You can measure the direct effect of a change now on something like conversions. But you can't measure the second order effects: things like trust from your users, or the effects on community quality and composition, etc.
This is a good part of why enshittification happens: lots of changes with immediate "good" impact that can be measured quantifiably, but there's also readily foreseeable negative consequences to them.
Of course, just running the test longer doesn't really address this for most possible changes.
But even this doesn't work: if you are continually making choices that erode your users' trust in you, there will eventually be an impact. It happens outside of the experiment (e.g. communications between users, general sliding changes in sentiment, etc). And you can't just spot in the time series whether you're going too far or not.
Late to this comment thread, but Amazon actually excels at this type of long term measurement, through methodologies internally called HVA/DSI and DSE (to name just a couple).
- High Value Action / Downstream Impact == using a "twins" comparison, estimate the 12-month impact of a customer taking a particular action (e.g. sign up for Prime, watch their first Prime Video, etc.), compared to one who doesn't. HVAs are basically those "A's" which turn out to have a high numeric DSI value.
- Downstream Expectation == similar but very different - instead of quantifying the impact of a single action, DSE tries to estimate the combined downstream causal impact of a user taking an initial action... there's a sophisticated methodology there that tries to strip away confounding factors like "rich people who would've shopped more anyways, are also naturally more likely to sign up for Prime", because they truly want to measure the causal benefit of Prime itself, separate from the fact that richer customers generally spend more no matter what
These are both long-term methodologies, that were explicitly designed in response to the problems of: short term experiments that didn't capture long-term negative effects, and different parts of Amazon having vastly different methodologies for measuring business impact (e.g. page views vs search impressions vs downloads vs orders vs whatever... no, everyone should optimize for the same customer level financial metric which is a flavor of growth-adjusted composite contribution profit (GCCP) that's partly derived from DSE)
> Late to this comment thread, but Amazon actually excels at this type of long term measurement
It's funny-- Amazon is the exact case I'm thinking of. I went from spending high five figures to a few hundred, and I'm seeking to eliminate that. The exact impact of these kinds of data-driven management practices has lead me to expending a whole lot of work to figure out how to give Costco, Target, and Walmart my business instead.
My complaints:
- Cutting of customer service. I didn't use customer service often, but it was always exemplary There's something wrong with my account where if I pay with points from my Amazon Visa for a book, that the book gets yoinked away out of my account a couple of days later with a "payment failed" message. The points are still deducted. I spent a few hours with customer support twice on this issue, and each time the specific book that this happened to was fixed, but the problem remains. It's clearly a backend problem, but Amazon thinks it's a better move to keep a high value customer on hold while people not empowered to fix anything futz around.

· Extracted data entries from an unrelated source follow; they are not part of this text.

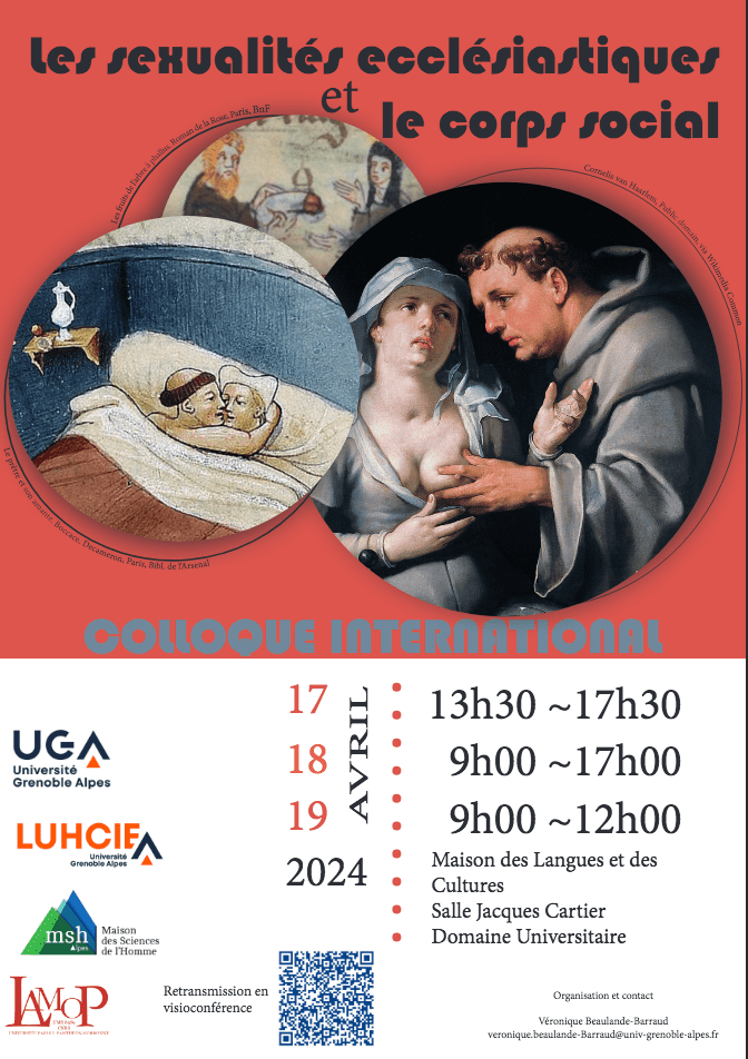 La récente mise à jour d’affaires d’abus sexuels dans l’Église catholique, et de manière générale dans les mouvances religieuses, pose avec acuité la question du rapport que les Églises entretiennent avec la sexualité et les pratiques sexuelles tout au long de leur histoire. Le colloque « Les sexualités ecclésiastiques et le corps social, Moyen Âge – époque moderne » s’inscrit dans le cadre du projet IRGA SexEO, centré sur les pratiques sexuelles des membres des clergés et qui vise à ancrer ces questionnements dans une réflexion historique articulant normes et pratiques, principes et réalités, gouvernement d’une communauté et contrôle des individus qui la composent. Il en constitue l’action principale, avant publication d’un livre collectif issu de la rencontre.
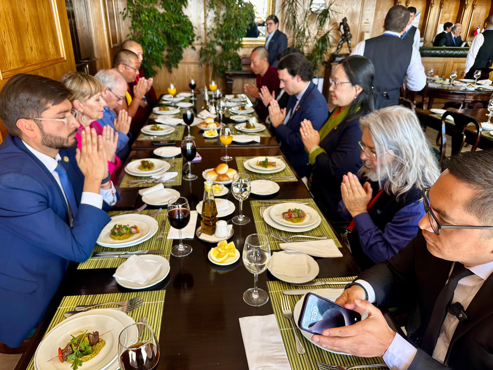 在国会大厦举行的工作午宴上,诺增卓玛部长与多名智利议员进行了交流,与会者包括弗拉多·米洛塞维奇议员(Deputy Vlado Mirosevic Verdugo)、托马斯·赫希议员(Tomás Hirsch)、安娜·玛丽亚·加兹穆里议员(Ana María Gazmuri)、路易斯·马拉·瓦伦苏埃拉议员(Luis Malla Valenzuela),以及智利国会支持西藏小组主席费尔南多·萨利纳斯议员(Fernando Salinas)。部长感谢议员们对西藏自由事业的持续关注与支持,并介绍了当前西藏境内的局势,尤其谈及达赖喇嘛尊者转世问题的重要性及国际社会所肩负的责任。她向与会嘉宾赠送了达赖喇嘛尊者九十华诞纪念徽章和《为无声者发声》一书,以及尊者的语录卷轴。
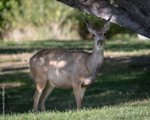 © Susan, Obraz premium Mule deer eating apple
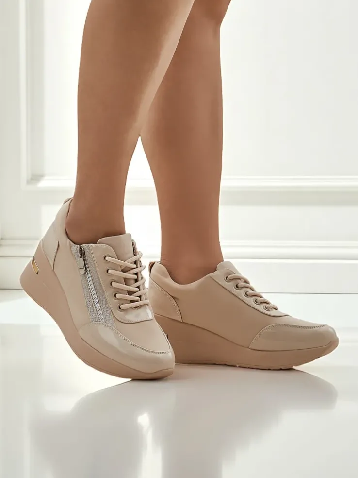 - Modne sneakersy damskie na koturnie, wykonane z eko skóry matowej i lakierowanej. W środku miękka, eko skórzana wkładka. Obuwie sznurowane. Będą świetną ozdobą do codziennych stylizacji.
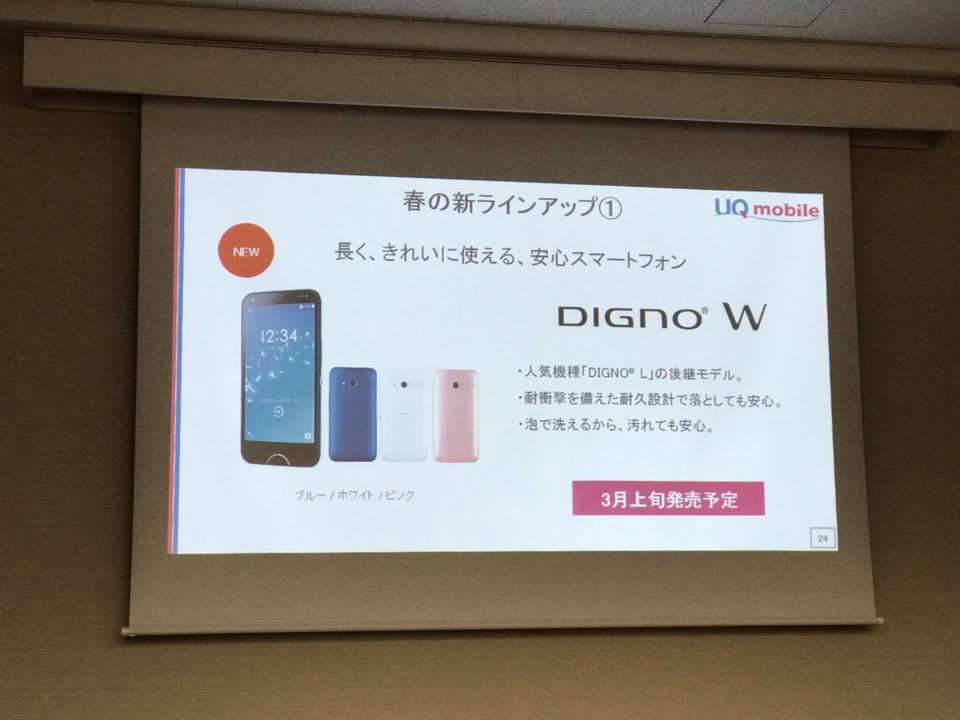 新製品はスマートフォン(スマホ)では泡ボディーソープでも洗える「DIGNO W」(京セラ製)およびミドルレンジ「BLADE V770」(ZTE製)、ケータイではUQ mobile初のau VoLTE対応「DIGNO Phone」(京セラ製)のほか、すでにauからも発表されているモバイルWi-Fiルーター「Speed Wi-Fi NEXT W04(型番:HWD35)」および据置型Wi-Fiルーター「Speed Wi-Fi HOME L01(型番:HWS31)」の合計5機種。

- I (believe that I) was briefly in an experiment with an alternate "buy it now" order flow that would pretty reliably charge me for 2 of whatever item I was seeking to buy. Support wasn't helpful. I have video.
- Overall devolution of the retail marketplace into a flea market full of counterfeit, dubious goods.
- Aggressive attempts to upsell me back into the Prime ecosystem (e.g. the whole "Iliad flow" thing).
I'm sure all of these business decisions and changes looked great on initial measurements, but they're traps later. Worse, they turn people like me into people that were formerly Amazon evangelists to people who work to help friends use other marketplaces.
Even a year isn't sufficient time: none of these things pissed me off within a year of the change. And they're pretty difficult to capture, because they're hopelessly confounded with other changes in the market and consumer sentiment and Amazon doesn't roll things out slowly enough have a truly different contingent experiencing a different business.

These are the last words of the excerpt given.